Sam Altman's World Launches AgentKit: Iris Scans Are Now 'Power of Attorney' for AI Shopping Agents
March 30, 2026 · Happycapy Guide
The Problem AgentKit Is Solving
AI shopping agents are already a reality. Amazon Rufus suggests and re-orders products autonomously. ChatGPT's Operator browses e-commerce sites and adds items to carts. Visa's Trusted Agent Protocol lets AI initiate payments with stored credentials. Google and Mastercard are building their own agentic checkout flows.
But every merchant enabling these systems faces the same question: when an AI agent places an order, is a real human behind it — or is it one of the millions of bots that now make up 50% of internet traffic? (HUMAN Security's March 26 report found AI bot traffic grew 7,851% in 2025 alone.)

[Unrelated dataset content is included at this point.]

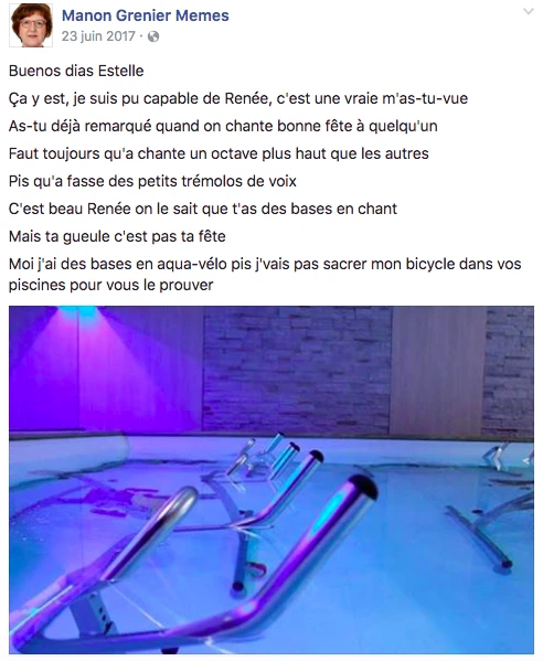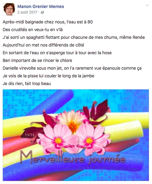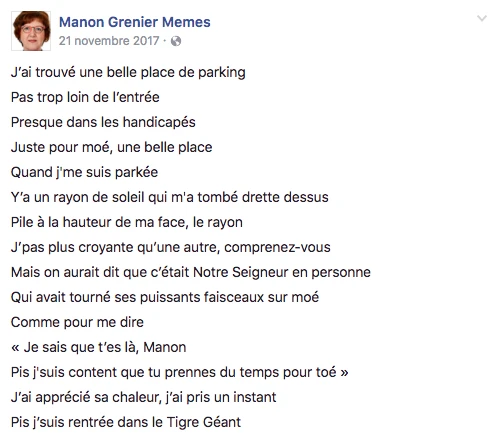Quand Manon est revenue sur Facebook, il a fallu qu’elle s’explique, qu’elle explique le malheur qui a motivé sa fugue. Ça a donné une série de posts un peu moins axés sur l’humour que d’habitude. Je sais pas si les gens s’attendent à ce que ce soit toujours drôle, mais j’aime ça que ce soit pas juste des gags, pis que les gens puissent lire des posts qui ont une atmosphère particulière, qui terminent sur quelque chose de surprenant.

Without an answer, merchants risk:
- Scalper bots: A single actor deploys thousands of agents to buy limited-inventory items (concert tickets, limited-edition sneakers, PlayStation consoles) before real buyers have a chance.
- Fake returns and fraud: Agents can submit return requests, dispute charges, and exploit promotional pricing at machine speed — far outpacing human fraud detection.
- Sybil attacks: One attacker creates hundreds of fake wallet addresses to bypass per-account purchase limits, making rate limiting ineffective.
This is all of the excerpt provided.